SECURITIES AND EXCHANGE COMMISSION 

WASHINGTON, DC 20549 

 

FORM 8-K 

 

CURRENT REPORT

Pursuant to Section 13 or 15(d) of the

Securities Exchange Act of 1934

  

Date of Report: June 8, 2015

(Date of earliest event reported)

 

Gas Natural Inc.

(Exact name of registrant as specified in its charter) 

 

Ohio

(State or other jurisdiction

of incorporation)

001-34585

(Commission

File Number)

27-3003768

(I.R.S. Employer

Identification No.)

  

1375 East Ninth Street, Suite 3100, Cleveland, Ohio

(Address of principal executive offices)

44114

Zip Code)

 

(440) 701-5100

(Registrant’s telephone number, including area code)

 

Check the appropriate box below if the Form 8-K filing is intended to simultaneously satisfy the filing obligation of the registrant under any of the following provisions:

 

¨ Written communications pursuant to Rule 425 under the Securities Act (17 CFR 230.425)

 

¨ Soliciting material pursuant to Rule 14a-12 under the Exchange Act (17 CFR 240.14a-12)

 

¨ Pre-commencement communications pursuant to Rule 14d-2(b) under the Exchange Act (17 CFR 240.14d-2(b))

 

¨ Pre-commencement communications pursuant to Rule 13e-4(c) under the Exchange Act (17 CFR 240.13e-4(c))

 

 
 

 

Item 5.02   Departure of Directors or Certain Officers; Election of Directors; Appointment of Certain Officers; Compensatory Arrangements of Certain Officers.

 

Effective June 8, 2015, the board of directors (the “Board”) of Gas Natural Inc. (the “Company”) increased the size of the Board from seven to nine and appointed James P. Carney and Robert B. Johnston to fill the vacant seats.

 

James P. Carney, 63, has nearly 35 years of experience serving in various financial positions in the utility industry.
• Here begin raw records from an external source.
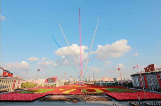 조선노동당 창건 70주년을 맞은 10일, 평양 김일성광장에서 열병식 및 군중시위, 청년들의 횃불시위가 성대하게 진행됐다.
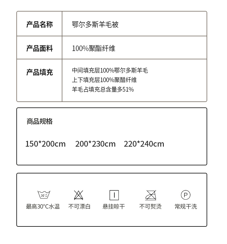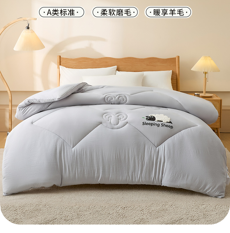 商品名称:鑫琪莱家纺 2025新款A类鄂尔多斯羊毛被子被芯 睡眠羊-灰
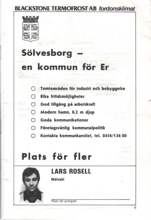 Under 60-talet märks annars att fotbollens kommersiella potential växt. I matchprogrammen, som nu blivit långt tjockare, gjorde alltfler nationella företag reklam för sina produkter (bilar, TV-apparater, försäkringar, tidningar, stora varuhus). En tendens fanns även att städers allmänna attraktivitet började kopplas samman med fotbollen. Ett sådant exempel står att finna i 700-årsfirande Örebro 1965 i programmet till matchen ÖSKDjurgårdens IF (se figur 6). Femton år senare har direkt moderna tankar slagit rot, där Sölvesborgs kommun verkligen lanserar sina företräden i Mjällby AIF:s programblad. Här försöker man aktivt locka till företagsetableringar i orten (figur 7).
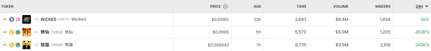 하루 동안 DEX에서 가장 크게 오른 거래쌍은 WICKED/WETH (Wicked) 으로, 1만% 급등하며 0.03165달러에 거래됐다. 이어 修仙/WBNB (修仙) 이 45만% 상승하며 0.01195달러에 거래됐고, 熊貓/WBNB (熊貓) 는 24만% 상승한 0.006643달러를 기록했다.
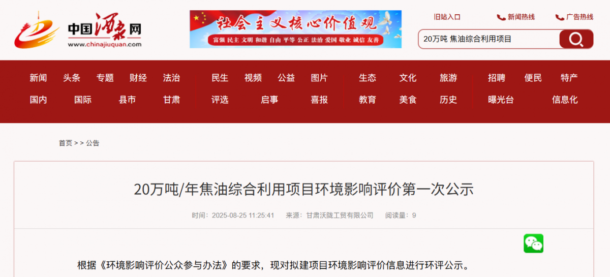 8月25日,甘肅沃隴工貿(mào)有限公司發(fā)布20萬噸/年焦油綜合利用項目環(huán)境影響評價第一次公示。
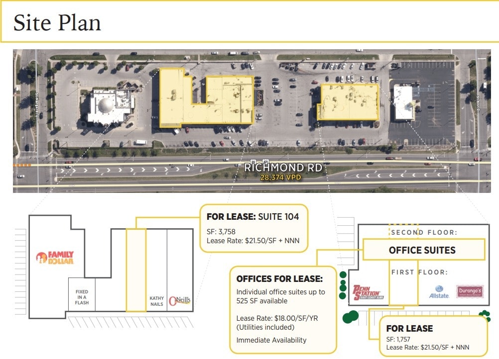 White Oak Commercial Real Estate est heureux d'offrir les bureaux du centre commercial Idle Hour à louer. Le centre commercial Idle Hour est un immeuble de bureaux et de vente au détail à usage mixte comprenant 10 937 pi2 de suites de bureau de direction. Les locataires au détail comprennent Penn Station, Family Dollar, Windstream, Durango's, Allstate, O'Neill's et plus encore. Situé à moins d'un mille de l'intersection Richmond Road/New Circle, cette propriété offre une excellente visibilité et un accès. Le centre commercial Idle Hour fait face à la route Richmond et est idéalement situé entre New Circle Road et Downtown Lexington. La propriété offre un trafic de 28 374 VPD et voisine le réaménagement du centre commercial Lexington et du quartier populaire Chevy Chase avec les données démographiques les plus élevées à Lexington. Le réaménagement du centre commercial Lexington est ancré par l'église chrétienne Southland avec Chick Fil A, McDonald's, Orange Theory Fitness, Home Depot, Newk's et Panda Express sur les parcelles.
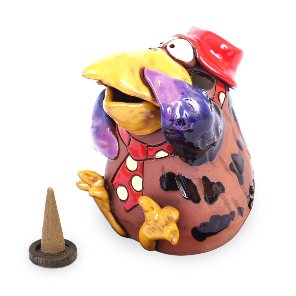 Šis rūkytas figūra yra ne tik juokinga ir graži, bet ir patogi ir praktiška: mažos plokštės valymas yra gana paprastas, pelenai nepatenka šalia, bet ant plokštės. Ji tikrai yra vertinama kaip jos namų apdaila ir jos svečiai. Puikiai kaip dovana, taip pat ir sodo ir dekoracijų draugams, taip pat varnoms ir varnas mėgėjams.
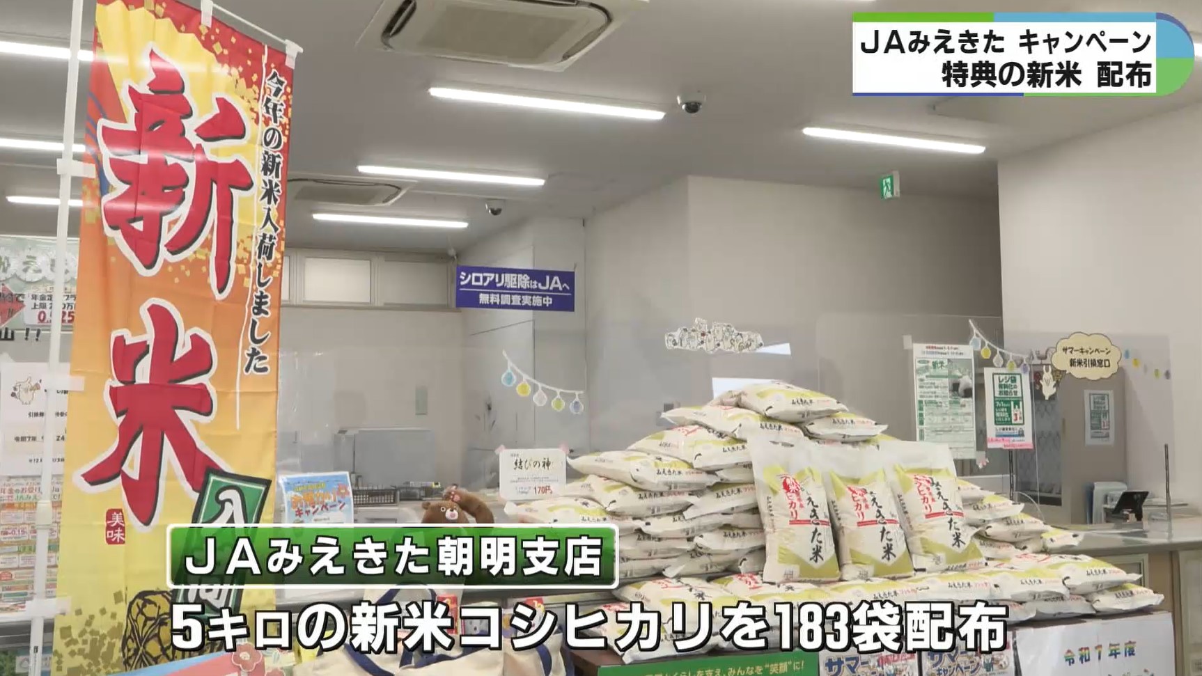 今回のキャンペーンで、四日市市のJAみえきた朝明支店では、1袋5キロの新米コシヒカリ183袋が配布され、利用者が笑顔で受け取っていました。
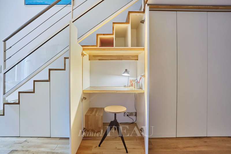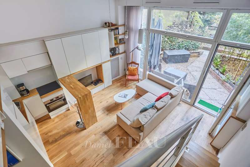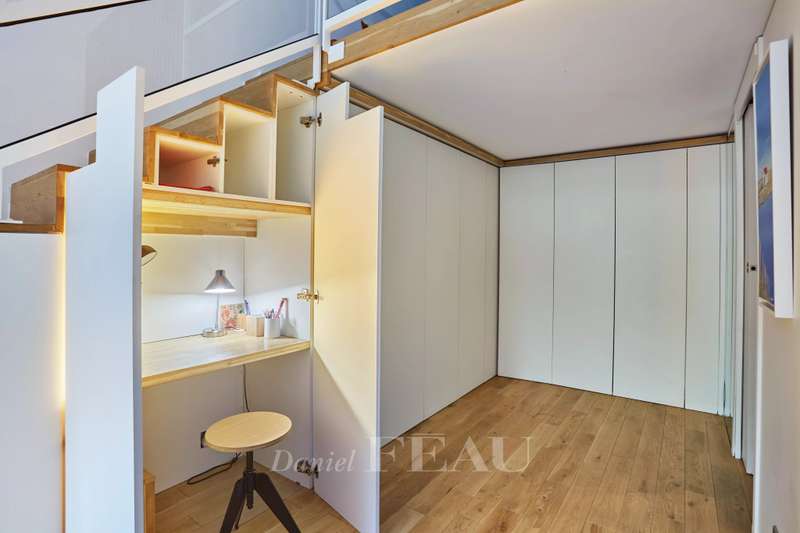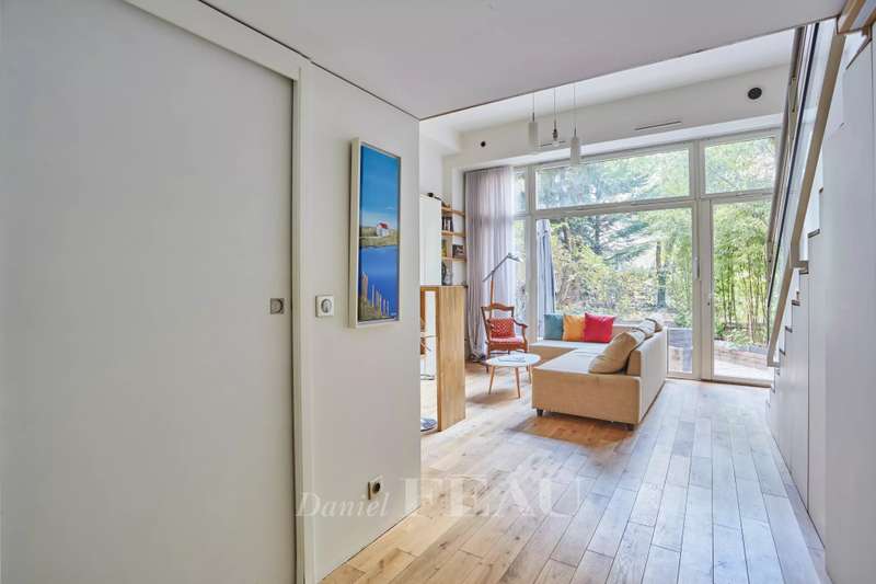 Quai des Grands Augustins. This delightful west-facing 31.50 sqm apartment benefits from a private 24 sqm garden. Featuring high ceilings, it comprises a living room with an open-plan kitchen, a 14 sqm mezzanine bedroom (not included in the living space as defined by the Carrez Law), and a shower room with a wc. Ample fitted storage space.

Mr. Carney has served as an expert financial witness in regulatory proceedings, had primary oversight responsibility for nearly $800 million of taxable nuclear decommissioning funds, and has over 22 years direct responsibility for the planning, structuring, and execution of over $75 billion of debt, equity securities and associated derivatives in the public, private and bank markets. Mr. Carney is currently serving as Executive in Residence in the Department of Finance, Insurance and Real Estate at Virginia Commonwealth University, in which capacity he also serves as chair of the executive committee of the Finance Advisory Council. In addition, Mr. Carney is an adjunct faculty member in the Department of Finance, Insurance and Real Estate.

 

Prior to his current roles, Mr. Carney served as the assistant treasurer and assistant corporate secretary of Virginia Electric and Power Company, before joining Dominion Resources, Inc., where he retired in December, 2013 as vice president — corporate finance and assistant treasurer. His extensive background and experience in corporate matters as they relate to capital markets, economic and financial analysis and regulatory proceedings bring valuable expertise to the Company’s Board.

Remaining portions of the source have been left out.